En fin de compte, Carl Béchard estime que la pièce est pour ainsi dire dotée d’une portée sociale: "Je pense que c’est une des volontés de l’auteur. Les gens qui ont des TOC doivent éviter les sources de stress, de culpabilité ou même de honte. Il faut aussi qu’ils puissent en parler. Dans la pièce, c’est exactement ce que font les personnages: ils brisent la solitude, parlent à des gens qui vivent une situation différente mais en même temps semblable à la leur. L’idée, en fait, c’est de dédramatiser et d’apprécier les moindres améliorations, aussi petites soient-elles. De toute manière, la guérison totale est probablement un leurre, une obsession qui s’ajoute aux autres. Qui sait, peut-être que la pièce va inciter des gens à entreprendre une action, à faire quelque chose pour améliorer leur situation."
JOUER LES TOQUÉS
Dans Toc toc, Pascale Montpetit incarne Blanche, celle qui a une peur bleue des microbes. Pour elle, la vie sans désinfectant serait un véritable cauchemar. Marcel Leboeuf défend pour sa part le personnage de Vincent, chauffeur de taxi de son état, disons sérieusement obsédé par les chiffres. Additionner, soustraire, multiplier et diviser, il le fait constamment, en toutes situations, c’est plus fort que lui. Personnellement, il vit très bien avec ça. Du moins, c’est ce qu’il dit. En fait, c’est sa femme qui n’en peut plus de le voir compter du matin au soir et probablement même la nuit.

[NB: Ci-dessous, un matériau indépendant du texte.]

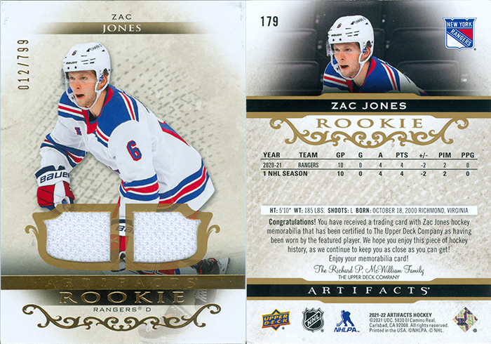 2021 Upper Deck Artifacts Gold Material card #179 worth $10.00
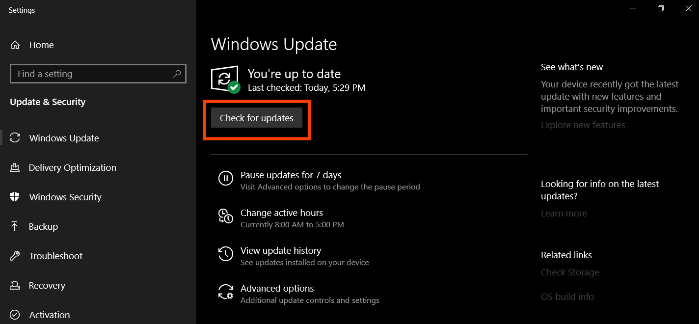 Clicking on the “Update and Security” option - Click on the “Check for Updates” option and let the operating system check for any missing updates on your computer.
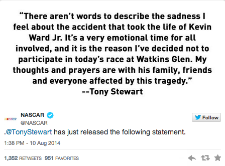 @mashable Yeah, after a good night's sleep Tony Stewart finally found his sad place & "opts" not to race. Pffft! Yeah right. He was put out.
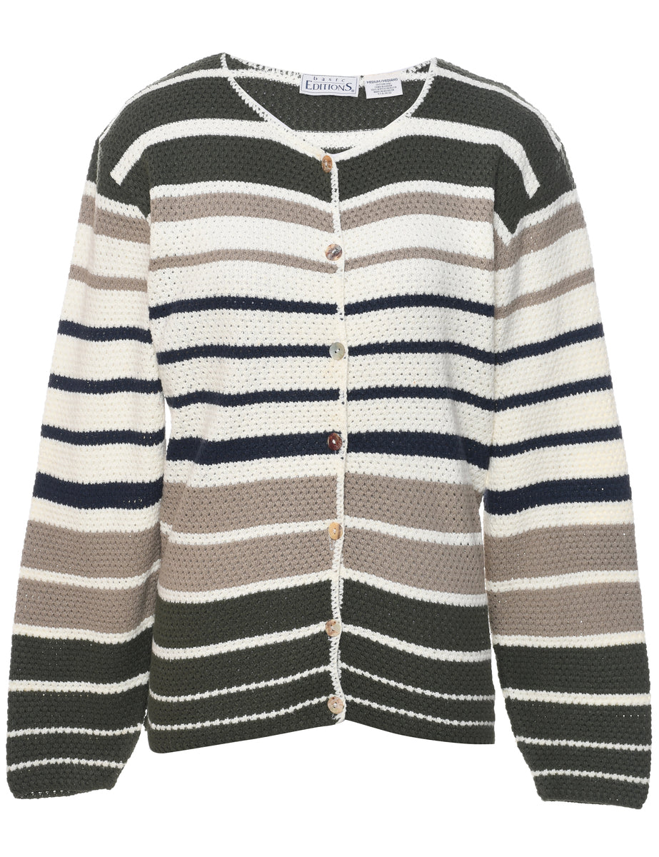 Button through cardigan with striped pattern comes in multi-colour with a round neck.
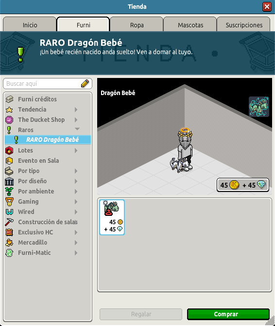 [INT] En venta: RARO Dragón Bebé Hace 6 horas Agathys 2 Información de la publicación Se archivará automáticamente en 2 meses. Publicada: 10/04/2026 13:01:23 H.P.E. Autor: Agathys Último comentario:-.sunflower.- Ir Visitas: 66 Información general Categoría: Furni Nombre: Dragón Bebé Precio: 45 + 45 Fecha de inicio de venta: 10/04/2026 Fecha de final de venta: 13/04/2026 Lugar de venta: Tienda Imágenes del ítem y de catálogo Placa Raro Dragón Bebé ¡Verifica esta placa!
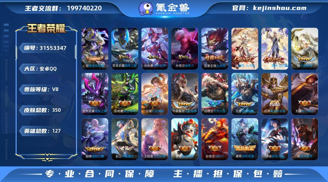 V8 1典藏 1无双 22传说 3星元 350皮肤 127英雄 【1水晶】铠-银白咏叹调【1无双】【22传说】孙悟空-齐天大圣,百里玄策-白虎志,貂蝉-猫影幻舞,干将莫邪-久胜战神,宫本武藏-地狱之眼,后羿-黄金射手座,镜-炽阳神光,铠-绛天战甲,刘备-时之恋人,梦奇-胖达荣荣,孙尚香-末日机甲,孙悟空-地狱火,王昭君-乞巧织情,虞姬-启明星使,赵云-淬星耀世,周瑜-音你心动,吕布-怒海麟威,云缨-幻光神枪,司空震-愿照·山河定,澜-愿照·九州拓,后羿-神树通天【3星元】孙尚香-未来机甲,孙悟空-幽冥火,宫本武藏-幽冥之眼【81史诗】元歌-无心,鬼谷子-五谷丰年,赵云-未来纪元,钟无艳-超时空战士,阿轲-节奏热浪,阿轲-迷踪丽影,安琪拉-心灵骇客,白起-星夜王子,百里守约-特工魅影,百里玄策-原初追逐者,不知火舞-魅语,蔡文姬-舞动绿茵,曹操-幽灵船长,蔡文姬-繁星吟游,程咬金-功夫厨神,妲己-女仆咖啡,妲己-魅力维加斯,大乔-猫狗日记,狄仁杰-魔术师,狄仁杰-鹰眼统帅,貂蝉-圣诞恋歌,伽罗-箭羽风息,干将莫邪-冰霜恋舞曲,宫本武藏-鬼剑武藏,关羽-冰锋战神,韩信-飞衡,花木兰-水晶猎龙者,花木兰-默契交锋,黄忠-烈魂,橘右京-修罗,兰陵王-暗隐猎兽者,兰陵王-驯魔猎人,老夫子-航海奇遇记,李白-千年之狐,李元芳-逐浪之夏,李元芳-银河之约,廉颇-地狱岩魂,刘邦-德古拉伯爵,刘禅-绅士熊喵,刘禅-天才门将,露娜-紫霞仙子,鲁班七号-狮舞东方,吕布-圣诞狂欢,吕布-末日机甲,马可波罗-暗影游猎,蒙犽-狂想玩偶喵,米莱狄-胡桃异想国,墨子-金属风暴,上官婉儿-梁祝,裴擒虎-李小龙,司马懿-暗渊魔法,孙策-猫狗日记,孙尚香-水果甜心,孙悟空-至尊宝,王昭君-凤凰于飞,王昭君-偶像歌手,夏侯惇-乘风破浪,项羽-霸王别姬,小乔-缤纷独角兽,雅典娜-黎明之约,杨玉环-遇见飞天,杨戬-天秀·启明,嬴政-摇滚巨星,嬴政-暗夜贵公子,虞姬-霸王别姬,嬴政-白昼王子,元歌-云间偶戏,张飞-乱世虎臣,赵云-...
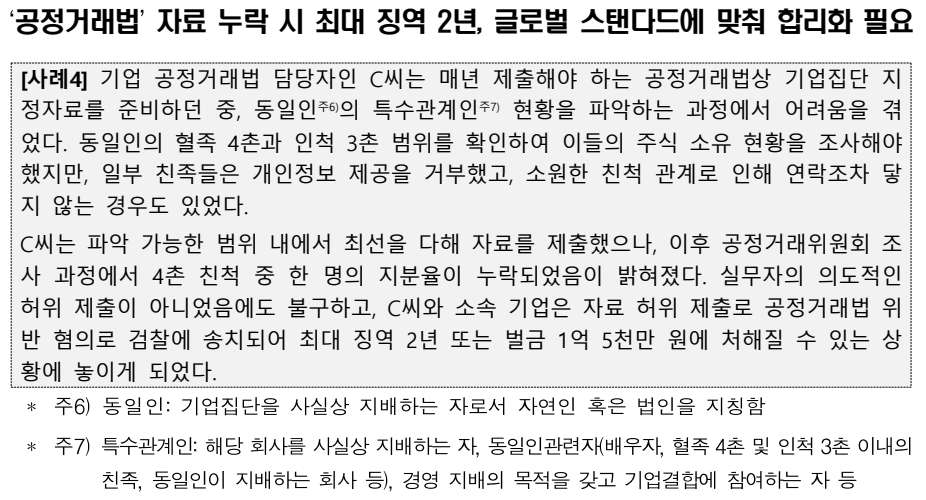 공정거래법에 따르면, 기업집단주8) 지정을 위해 기업은 매년 특수관계인 현황, 주식 소유 현황 등 지정자료를 제출해야 한다. 이를 미제출 또는 허위 제출할 시 최대 징역 2년 또는 벌금 1억 5천만 원의 벌금에 처한다.
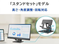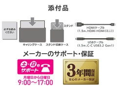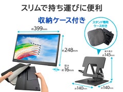 輝度:220cd/m2/応答速度:5ms/最大消費電力:7.5W/■17.3型モバイルディスプレイです。USB Type-Cなら映像出力と給電をケーブル1本で行うことができます。また、スリムな筐体なので手軽に持ち運びできサッと片づけられるため便利です。高さ・角度調整・回転対応の「スタンドセット」もラインアップ。■モバイルディスプレイ単体に加えて、スタンドがセットされたモデルもラインアップ。セットモデルは利用シーンに合わせてお好みの高さ・角度に調整、回転ができるスタンドが標準で添付されています。■USB Type-Cディスプレイ給電に対応しているので、添付しているUSB Type-Cケーブルで接続することにより、パソコンからの映像出力と給電がケーブル1本で行われます。 電源コンセントに繋ぐ必要がないため、どこでも好きな場所でお使いいただけます。■パススルー機能に対応しているので、接続しているUSB充電器からノートパソコン、スマホ、タブレットに給電できます。ACアダプターや充電器を接続しなくてもよいため、USB Type-C端子が1ポートしかなくても映像を映しながら給電ができ、快適に使っていただけます。
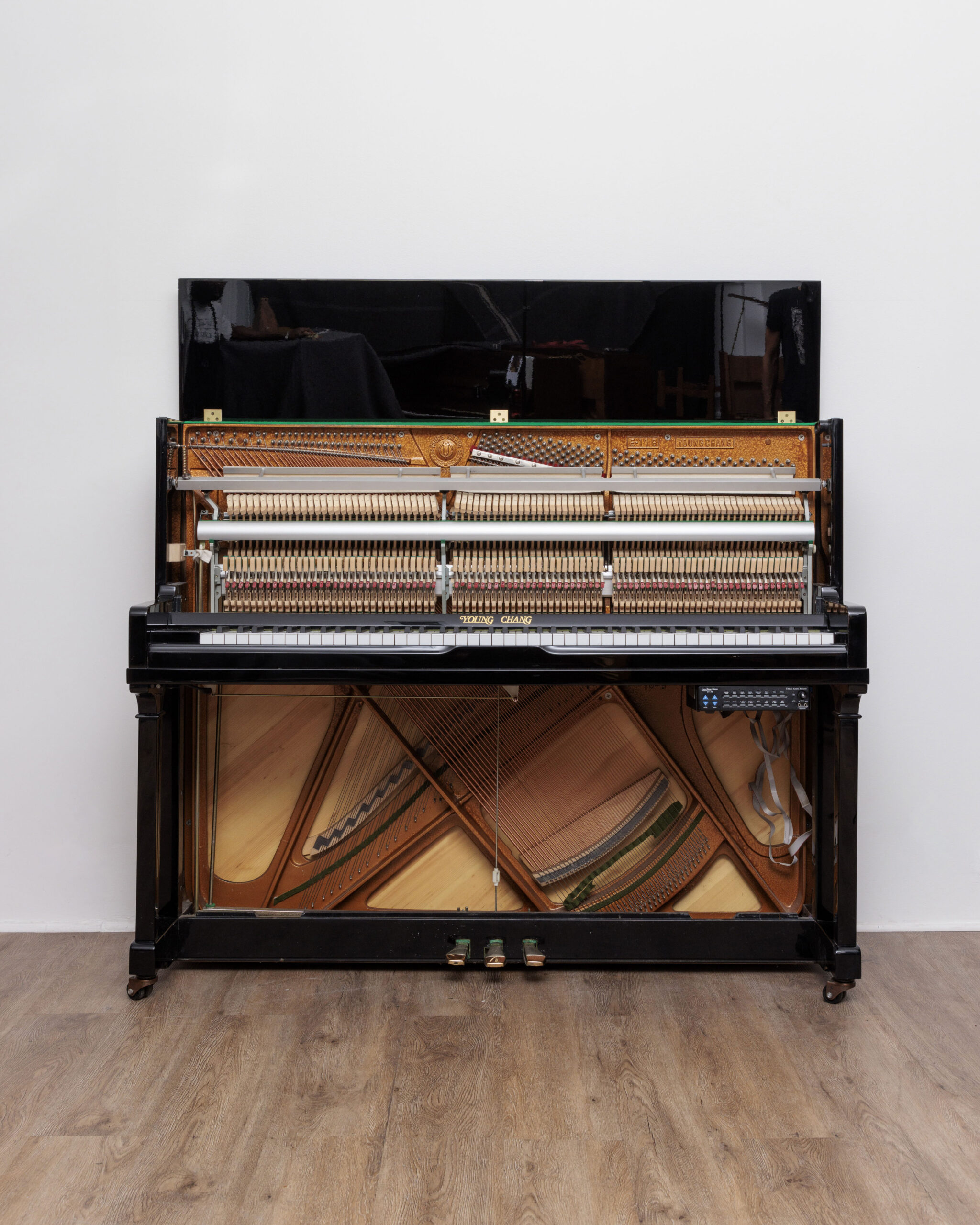 Le young chang 118 est célèbre pour avoir représenté l’un des meilleurs rapports qualité/prix des pianos contemporains comme pour ses finitions délicates. sa ligne élégante, toute en courbes et sa finition noir de jais font merveille pour qui recherche un bel élément de décoration doublé d’un instrument fort honorable. ses caractéristiques pianistiques sont typiquement asiatiques, toucher léger et sonorité claire même si cet exemplaire ne souffre pas d’une tessiture radicalement métallique et propose plus de rondeur qu’à l’accoutumée. parfait piano d’expression d’entrée de gamme au budget idéalement étudié pour débutant jeune ou moins jeune, il permet un bon apprentissage de la technique sans contrainte et se prête facilement aux prémices de l’expression. le vernis noir brillant est très parfait et présente un aspect soyeux sous les doigts après le lustrage opéré par notre ébéniste. plus aucune trace de frottement ne se laisse voir et l’élégance du meuble n’est aucunement ternie. mécaniquement, le cumul de heures de jeu n’a pas réussi à provoquer une usure visible et seul un bon réglage a suffi à redonner sa netteté originelle à l’ensemble. prêt à repartir pour de nombreuses années, cet agréable piano d’expression n’attend plus qu’un coup de foudre, le vôtre. il est garanti 10 ans et livré partout en France avec son pack d’accessoires complet.
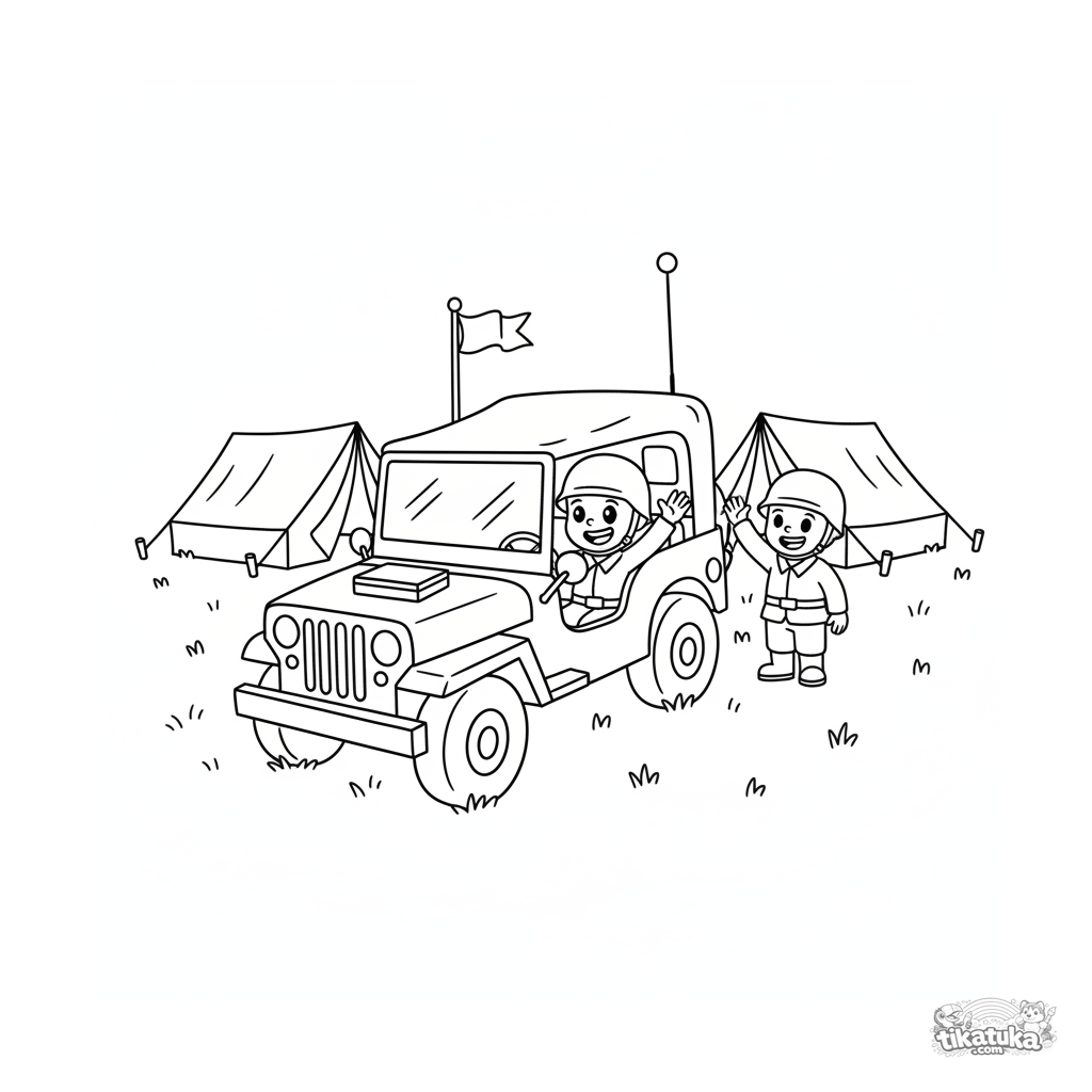 Página para colorir para crianças de 4-6 anos: um jipe de comando com rádio, estacionado perto do quartel-general de campo com barracas. Um motorista alegre está acenando.
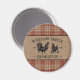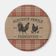 A beautiful, rustic themed magnet, featuring your family name and "farmhouse", ranch, homestead or other desired text and an established date. This unique, custom design features hand drawn artwork of a rooster, hen and chicks on a burlap style backing and surrounded with beautiful vintage country plaid in soft shades of red. A charming addition to your vacation home decor. Feel free to visit my designer store to see more items and designs like this. Thanks..
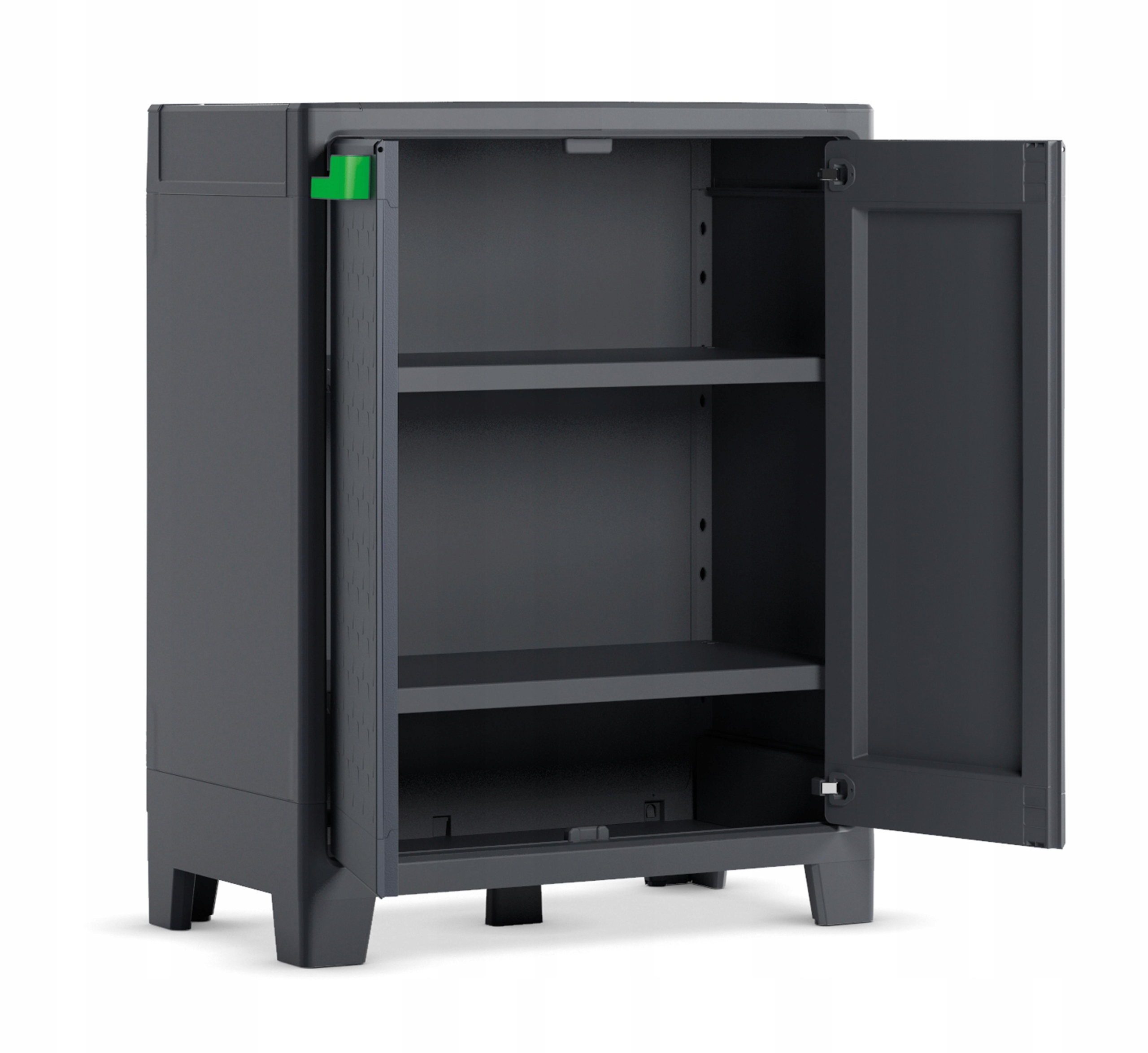 Низька шафа Moby ідеально підходить для будь-якого гаража, домашньої майстерні чи іншої кімнати підсобне приміщення, та ще й на балкон чи терасу. Відрізняючись найвищою якістю виготовлення та універсальним і простим дизайном, він неодмінно виправдає очікування найвимогливіших користувачів. Функціональна і повністю водонепроникна шафа Moby виготовлена з волого- та УФ-стійкого пластику. Ця модель оснащена двома регульованими полицями з максимальною вантажопідйомністю 30 кг кожна. Велика ємність для зберігання гарантує легку організацію великої кількості різноманітних видів речей. Однією з багатьох переваг представленої моделі є великі зручні ручки, які забезпечують комфортне відкривання та закривання дверей. Додатковою зручністю є спеціальні отвори, які дозволяють закрити шафу на замок, що значно підвищує безпеку вмісту, що зберігається. Загальне навантаження низької шафи Moby на регульованих ніжках становить цілих 90 кг! Виріб призначений для самостійного монтажу.

Pour le comédien, qui avoue que sa propre fascination pour les dates pourrait devenir obsessionnelle, le rôle de Vincent est de taille. "Sincèrement, je ne pensais pas que ce serait autant de travail. Vraiment, j’avoue que je bûche comme il y a longtemps que je n’ai pas bûché. Parce qu’on est tous en interrelation et très rapidement. En plus, j’ai des tas de chiffres à apprendre. Il faut être présent tout le temps, tout le temps. C’est un spectacle qui va passer très vite pour nous, parce qu’on va être constamment dans l’action. Mais après, j’ai l’impression qu’on ne se couchera pas bien tard." Pascale Montpetit, qui confesse qu’elle a tendance à régulièrement (et peut-être un tantinet obsessionnellement) répertorier ce qui se trouve chez elle, ajoute: "C’est comme si on devait savoir le texte de tout le monde. Les répliques arrivent, c’est comme des francs-tireurs, tu ne sais jamais de quel bord ça va surgir. Disons qu’il n’y a pas vraiment de dialogue au sens traditionnel du terme. C’est quasiment comme du jazz. Toi tu joues de la clarinette, moi je joue de la flûte, l’autre fait la batterie. Chacun apporte sa couleur et, au final, ça fait comme un morceau de musique." Selon la comédienne, il y a quelque chose de Beckett dans la pièce de Baffie. "Comme dans En attendant Godot, on sait très vite ce que sera l’affaire, on comprend qu’il n’y aura pas de rebondissements, pas de suspense comme tel. Ils sont comme des hamsters dans une roue. C’est l’accumulation de tout ça qui devient comique."